(Pékin) La Chine a de nouveau accusé les États-Unis d’« ingérence flagrante » dans ses affaires intérieures au lendemain de la ratification par Donald Trump de la loi de financement militaire pour 2020 qui préconise le renforcement des liens militaires avec Taïwan et réaffirme le soutien de Washington au mouvement de contestation à Hong Kong.

Agence France-Presse

You Wenze, un porte-parole de la commission des affaires étrangères du Congrès national du peuple chinois, a déclaré à l’agence de presse officielle Chine nouvelle que la Loi d’autorisation de la défense militaire (NDAA) promulguée vendredi constituait une « ingérence flagrante » dans les affaires intérieures chinoises.

Les articles consacrés à Taïwan compromettent la paix et la stabilité dans le Detroit de Formose, a ajouté le porte-parole, affirmant que les tentatives de Washington de s’ingérer dans les affaires intérieures d’autres pays en invoquant la démocratie et les droits de l’homme étaient vaines.

La loi de financement militaire consacrée au budget du département de la Défense « soutient le renforcement des capacités de défense et des capacités opérationnelles de Taïwan, développe les entraînements communs, les ventes d’armes à l’étranger et les relations entre militaires à un haut niveau ». Elle demande également au secrétaire américain de la Défense de procéder à une étude de l’influence exercée par Pékin à Taïwan dans « les domaines militaire, économique, de l’information, de la diplomatie et du web ».

Ces déclarations chinoises reprennent la même rhétorique que celle utilisée par le président Xi Jinping vendredi dans une conversation téléphonique avec son homologue Donald Trump.

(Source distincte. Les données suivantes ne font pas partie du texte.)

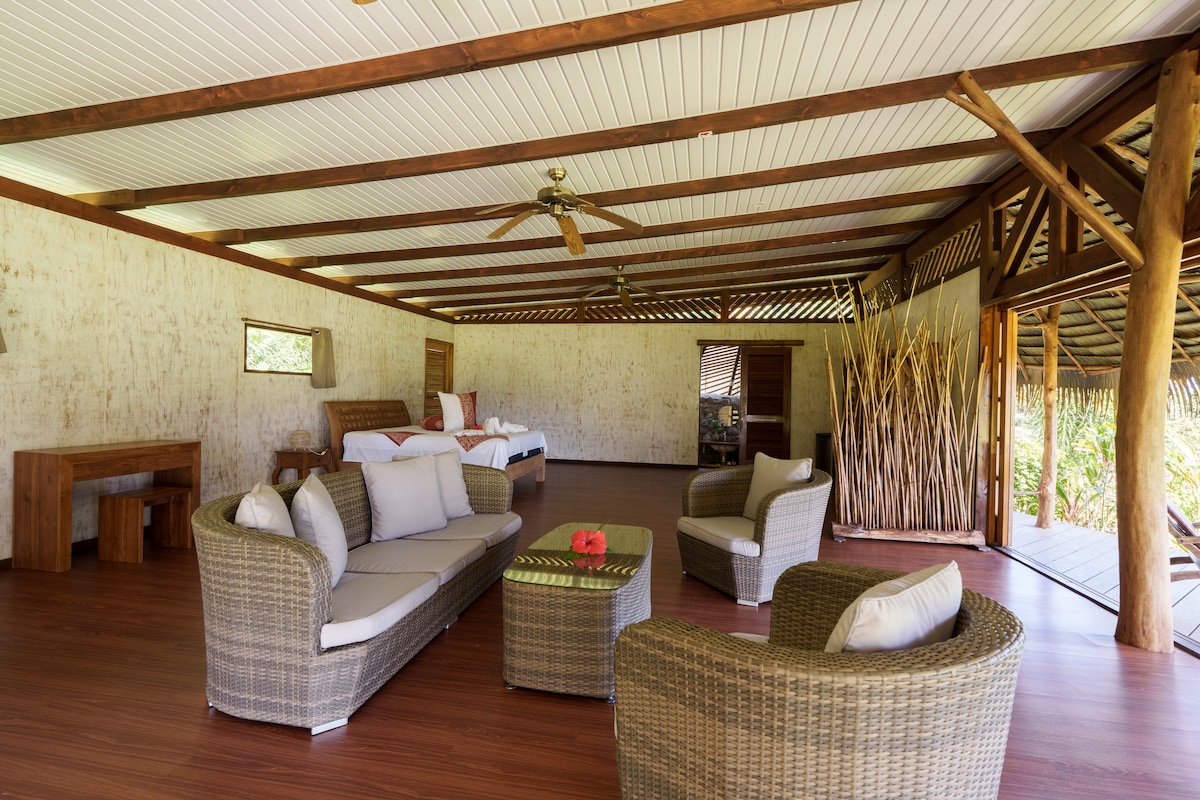 Welcome to your peaceful retreat in paradise! This spacious 100 m² villa with a private terrace and jacuzzi is the perfect spot to relax, surrounded by lush greenery and overlooking the lagoon. Each evening, enjoy breathtaking sunsets in a serene and exotic setting. Inspired by neo-Polynesian architecture, the villa blends local charm with modern comfort to offer you an unforgettable stay.
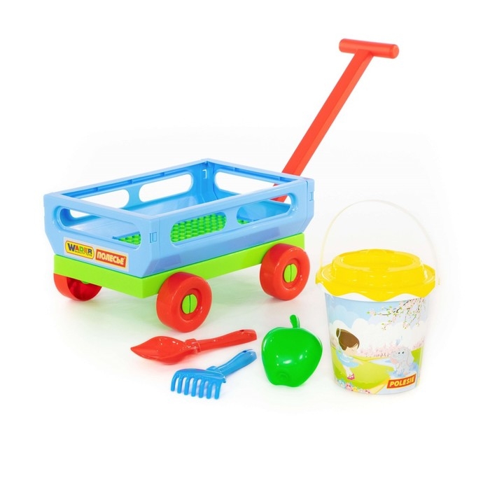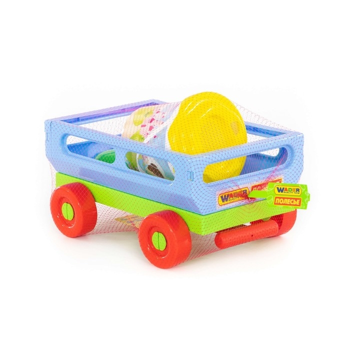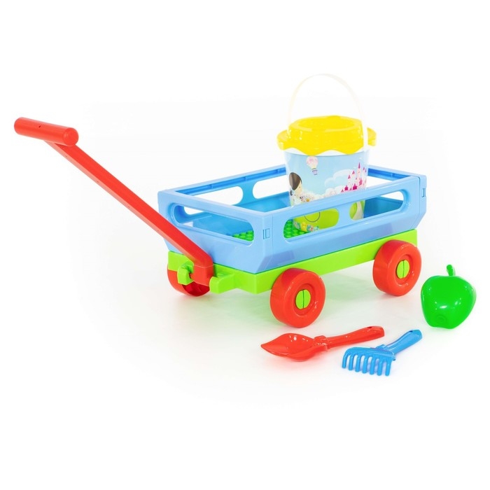 Набор для игры в песке №420: тележка, ведро, ситечко, лопатка, грабельки, формочка

M. Xi, selon Chine nouvelle, a affirmé que les commentaires et les initiatives américaines concernant Taïwan, Hong Kong, le Xinjiang et le Tibet nuisaient aux relations entre Pékin et Washington.

Une semaine après l’annonce d’un accord de principe synonyme de trêve dans la guerre commerciale qui oppose leurs deux pays, le président américain a quant à lui dit avoir eu « une très bonne conversation avec le président chinois Xi concernant notre gigantesque accord commercial ».

Mais la politique chinoise est vivement critiquée au Congrès américain, y compris dans les rangs des Républicains, notamment ses tentatives de réprimer le mouvement en faveur de plus de démocratie à Hong Kong.

Les Démocrates comme les Républicains se montrent préoccupés par la répression dont fait l’objet la population musulmane ouïghoure, majoritaire dans le Xinjiang, une région du nord-ouest de la Chine.

La loi de financement militaire demande également un rapport sur le sort des Ouïghours.